» **Collected data**
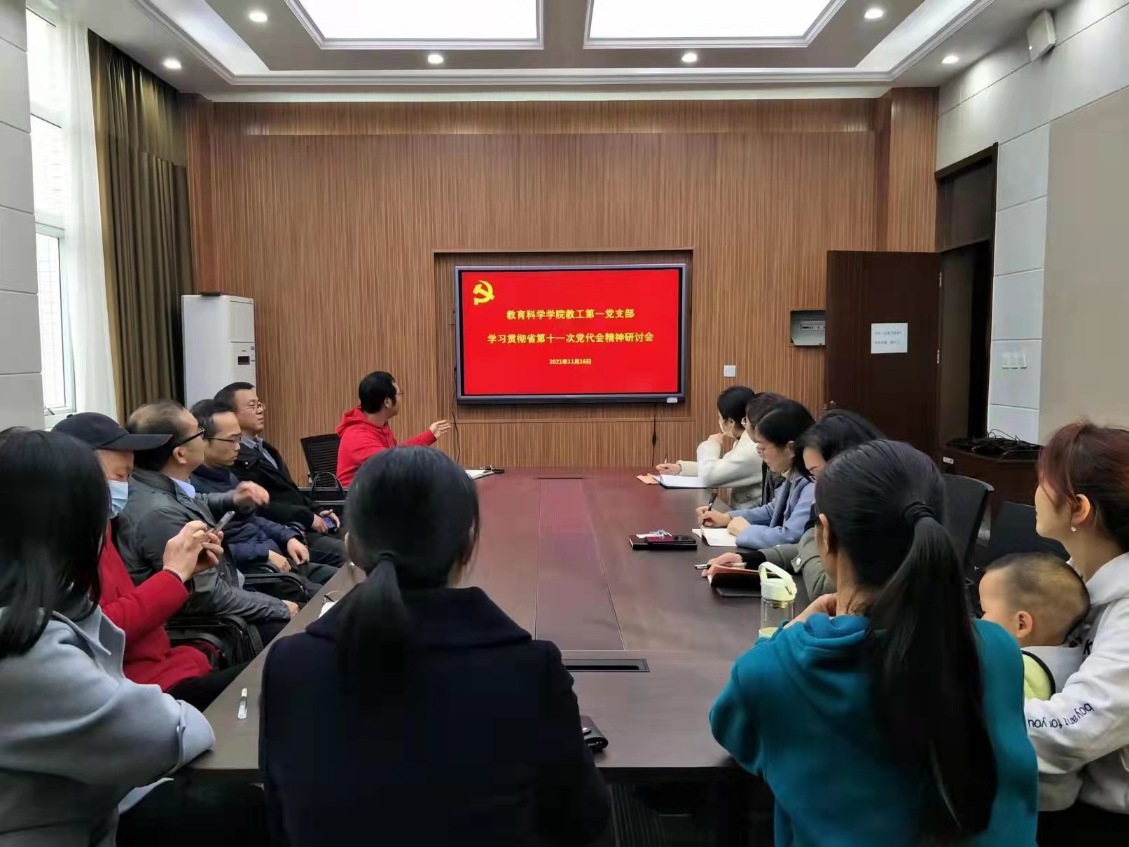 支部集中学。11月16日,教科院九个党支部分别召开了学习研讨会议。会上,各支部传达学习了省第十一次党代会上楼阳生书记所作的《高举伟大旗帜,牢记领袖嘱托,为确保高质量建设现代化河南、确保高水平实现现代化河南而努力奋斗》的报告,深刻领会会议精神,认真讨论,积极发言,并为河南省过去五年取得的重大成就而振奋,为现代化河南建设的前景充满希望。大家纷纷表示要切实把思想和行动统一到省第十一次党代会精神上来,勇于担当、不负使命,奋力开拓公司事业发展的新局面。
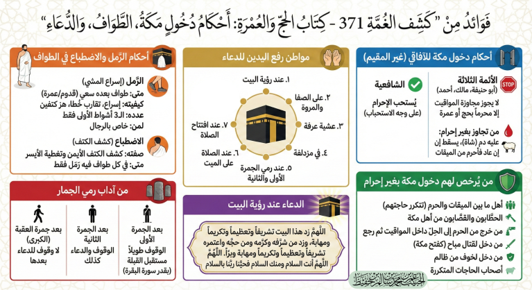 فوائد من "كشف الغمة 371- كتاب الحج والعمرة: دخول المحرم مكة والطواف"
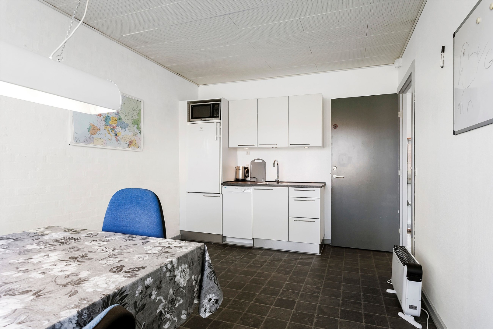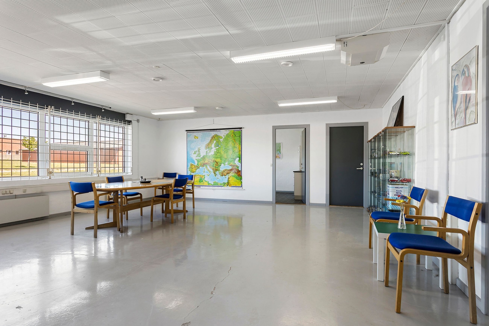 Yderligere faciliteter inkluderer gangareal med garderobeskabe, endnu et toilet med tilhørende forrum og vask, mødelokale med epoxygulv og adgang via vindfang samt en lys kantine med køkkenskabe og bordarrangement.
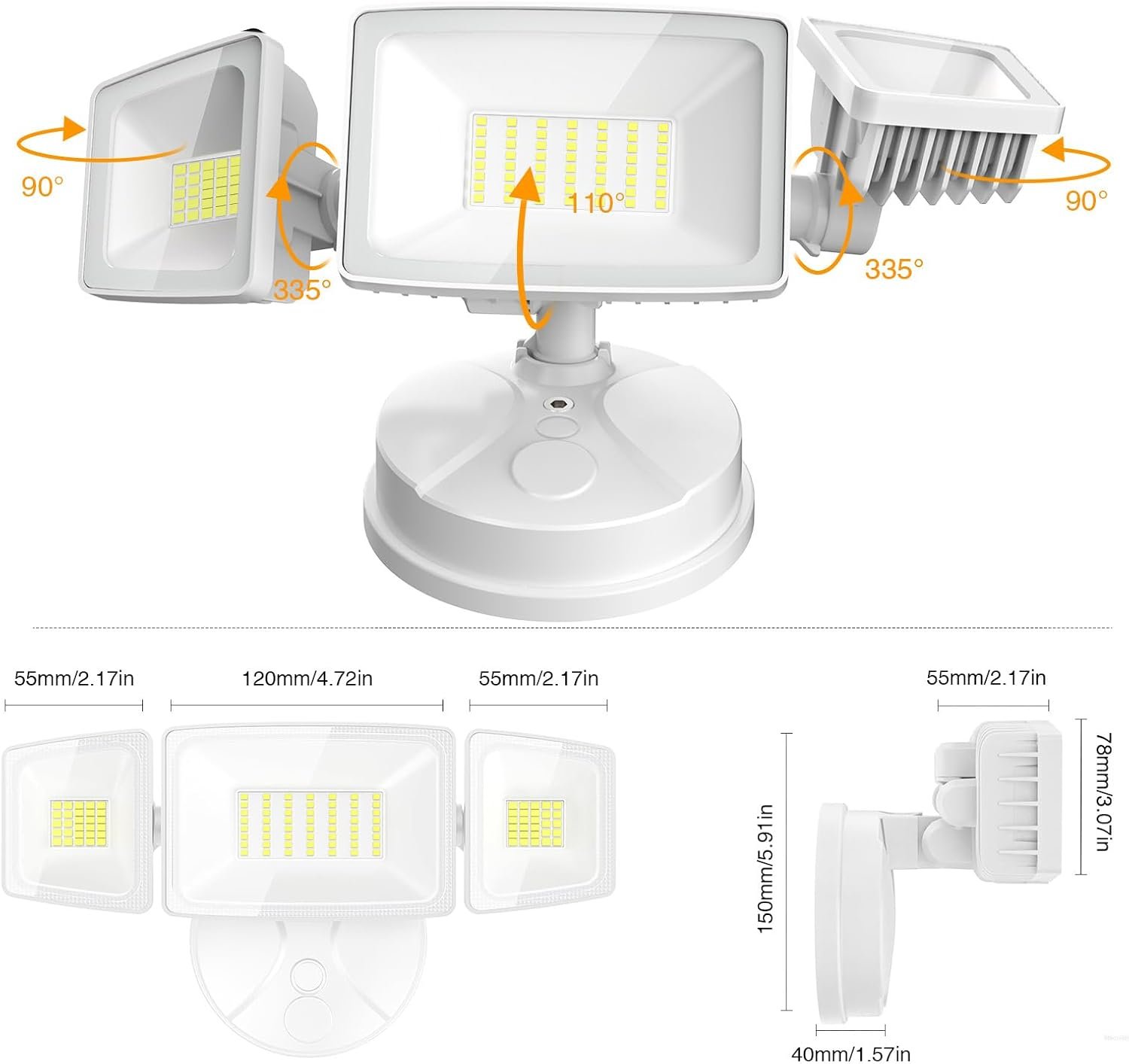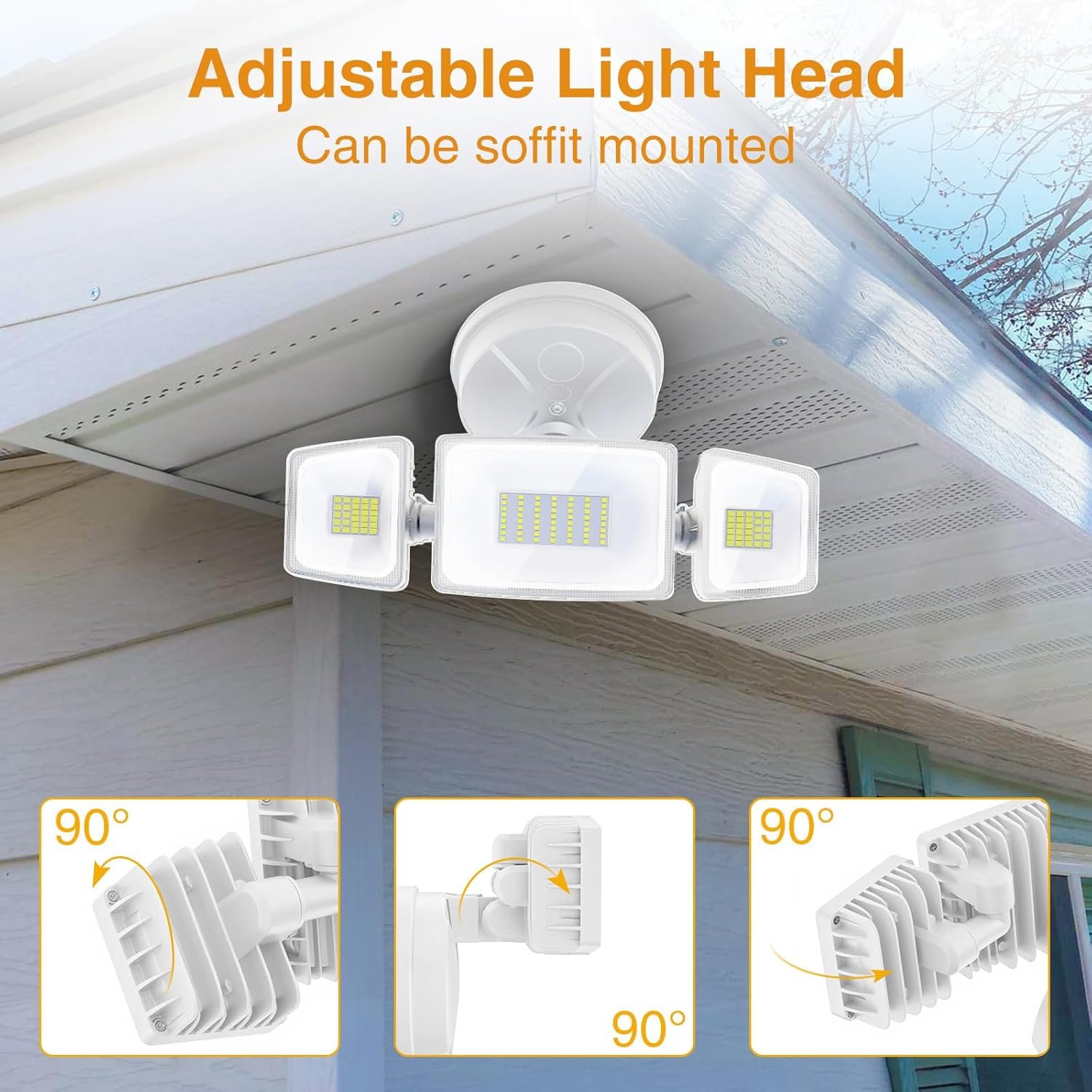 Onforu 75W Flood Lights Outdoor, 7000LM Brightness Security Lights Switch Controlled, 3 Adjustable Heads, IP65 Waterproof, 6500K Wall Mount Exterior LED Flood Light

» **Required action**
Skipping the images, write out the whole listing exactly.

» **Your response**
 支部集中学。11月16日,教科院九个党支部分别召开了学习研讨会议。会上,各支部传达学习了省第十一次党代会上楼阳生书记所作的《高举伟大旗帜,牢记领袖嘱托,为确保高质量建设现代化河南、确保高水平实现现代化河南而努力奋斗》的报告,深刻领会会议精神,认真讨论,积极发言,并为河南省过去五年取得的重大成就而振奋,为现代化河南建设的前景充满希望。大家纷纷表示要切实把思想和行动统一到省第十一次党代会精神上来,勇于担当、不负使命,奋力开拓公司事业发展的新局面。
 فوائد من "كشف الغمة 371- كتاب الحج والعمرة: دخول المحرم مكة والطواف"
 Yderligere faciliteter inkluderer gangareal med garderobeskabe, endnu et toilet med tilhørende forrum og vask, mødelokale med epoxygulv og adgang via vindfang samt en lys kantine med køkkenskabe og bordarrangement.
 Onforu 75W Flood Lights Outdoor, 7000LM Brightness Security Lights Switch Controlled, 3 Adjustable Heads, IP65 Waterproof, 6500K Wall Mount Exterior LED Flood Light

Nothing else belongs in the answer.